Tudo sobre relógio de ponto

Matéria Publicada em 15/08/2010 pelo Jornal Hoje em Dia traz os impactos das regulamentações do governo à sociedade.

Decisões do Governo encarecem a vida das pessoas e empresários, e nem sempre trazem ganhos imediatamente perceptíveis

Vantajosas ou onerosas, de tempos em tempos algumas mudanças saem dos gabinetes do Governo para aplicação obrigatória pela sociedade. Elas trazem ajustes de vários tipos: troca do modelo de tomada, registro de ponto eletrônico com recibo, nota fiscal eletrônica. Todas atingem diretamente o bolso do cidadão e o caixa das empresas. Em alguns casos, a elevação dos custos é compensada com as facilidades geradas a partir da mudança. Em outros, é difícil entender qual a motivação para alterar as regras.

Neste segundo grupo, onde as mudanças não geraram benefícios imediatamente perceptíveis à sociedade, está incluída a troca do modelo de tomada para outro, exclusivamente nacional. Além de aumentar os gastos das famílias e empresas brasileiras, faltam produtos no mercado, como os adaptadores para os domicílios que utilizam a tomada tradicional.

Na Loja Elétrica, unidade do Bairro Sion, em Belo Horizonte, uma linha popular do novo modelo de tomada é encontrada a R$ 6, e o adaptador, a R$ 7,80. Como as tomadas do modelo antigo saíram de circulação, aos poucos este novo padrão estará em todas casas do país.

Para que este processo se acelere, o Inmetro aumentou as restrições para a produção dos adaptadores para equipamentos novos, que estão escassos no mercado, e o Governo federal proibiu, a partir deste ano, a fabricação de tomadas no modelo antigo em território nacional. “Se alguém comprar um computador novo (plugue com 3 pinos) e tiver em casa a tomada antiga (2 pinos), será obrigado a trocar a tomada, porque este modelo de adaptador não é mais encontrado no mercado por decisão do Inmetro”, diz o supervisor de vendas da Loja Elétrica, Gildásio Chaves da Rocha.

Na Othon de Carvalho, os preços variam conforme o modelo, de R$ 5 a R$ 12. Por mês são vendidas cerca de 10 mil tomadas, de vários modelos, porém todas enquadradas nas novas exigências. O Inmetro considera necessária a alteração por questões de segurança.

Outra medida polêmica é a Portaria 1.510/2009 do Ministério do Trabalho e Emprego (MTE), que vai tornar – a partir de 26 de agosto de 2010 – compulsória a troca das máquinas de ponto eletrônico das empresas por outras certificadas pelo Governo.

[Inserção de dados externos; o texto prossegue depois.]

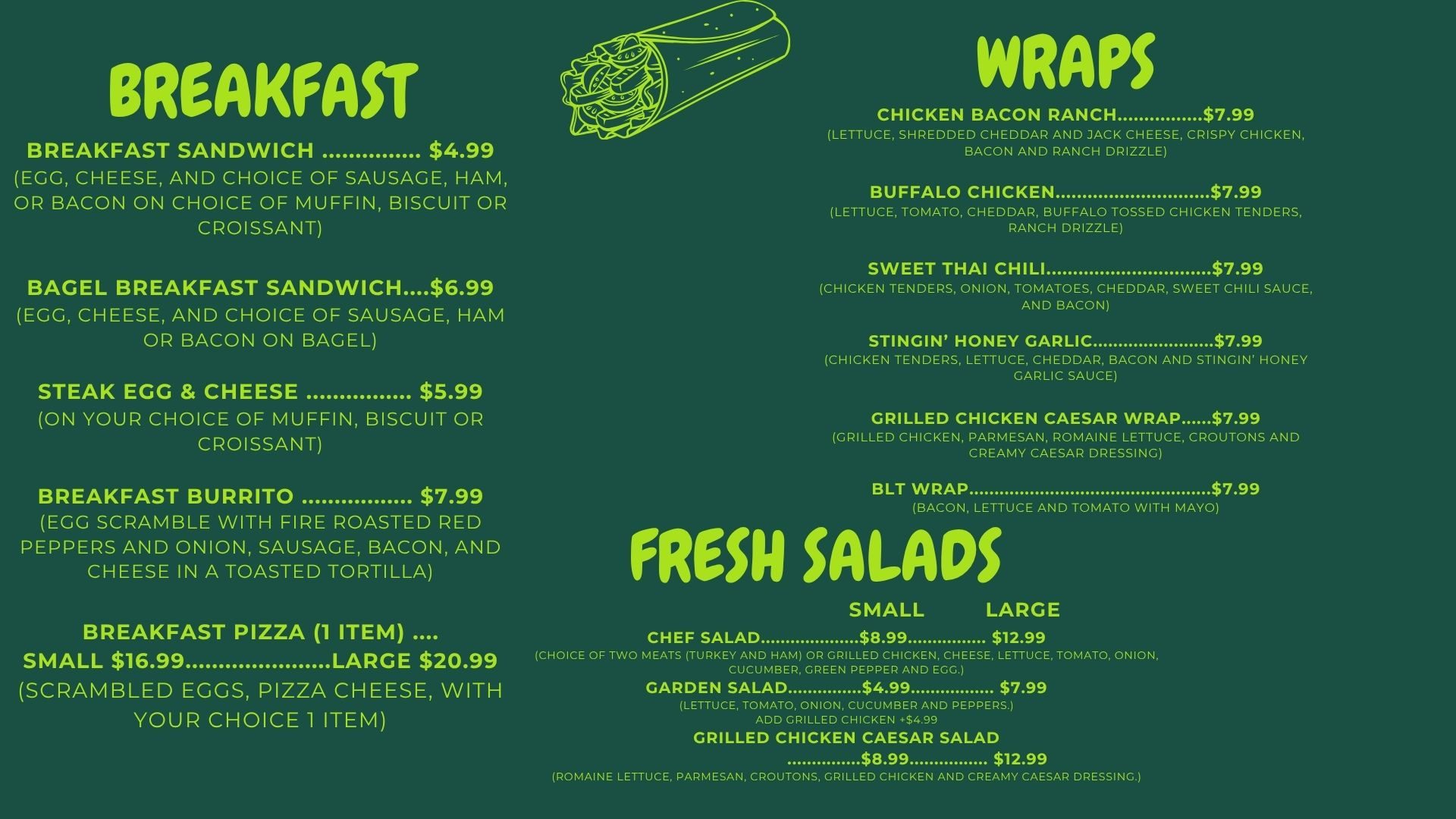 Our Lee location offers a large variety of breakfast, lunch and dinner options! Stop in for a creative Grab n Go selection with new specials everyday or call us to order a fresh dough pizza. Click on the link to see our full menu or call and talk with one of our staff members to see what we can accommodate!

O preço do equipamento varia de R$ 2.500 a R$ 4.800, ou seja, um preço médio de R$ 3.650. Como a obrigatoriedade deverá exigir a troca de cerca de 800 mil equipamentos, as empresas vão movimentar no mercado cerca de R$ 2,920 bilhões para adequação à norma.

Governo alega prevenção de fraudes no ponto

Oficialmente, o Governo alega que tomou a decisão para impedir que os empregados continuem trabalhando de graça para as empresas. Segundo estudo do MTE, R$ 20,3 bilhões referentes a horas-extras podem não estar sendo pagos aos trabalhadores brasileiros anualmente, pois o modelo de ponto atual permite alteração dos lançamentos realizados, abrindo espaço para fraudes.

Mesmo sob forte pressão da classe empresarial, liderada pela Confederação Nacional da Indústria (CNI), o Governo se manteve firme e não voltou atrás da decisão, como esperavam os empresários. No entanto, a partir do insucesso das negociações com o Governo, o caminho para tentar fugir da nova regra foi o jurídico.

A Companhia Brasileira de Sandália (CBS), detentora da marca Dupé, foi a primeira a conseguir uma decisão liminar que a desobriga de cumprir as novas regras. O mesmo expediente será adotado por empresas, de forma isolada, e entidades representativas de classe, como a Confederação Nacional de Dirigentes Lojistas (CNDL). Neste caso, além de onerar a iniciativa privada, a decisão joga para o trabalhador a responsabilidade de armazenar os comprovantes.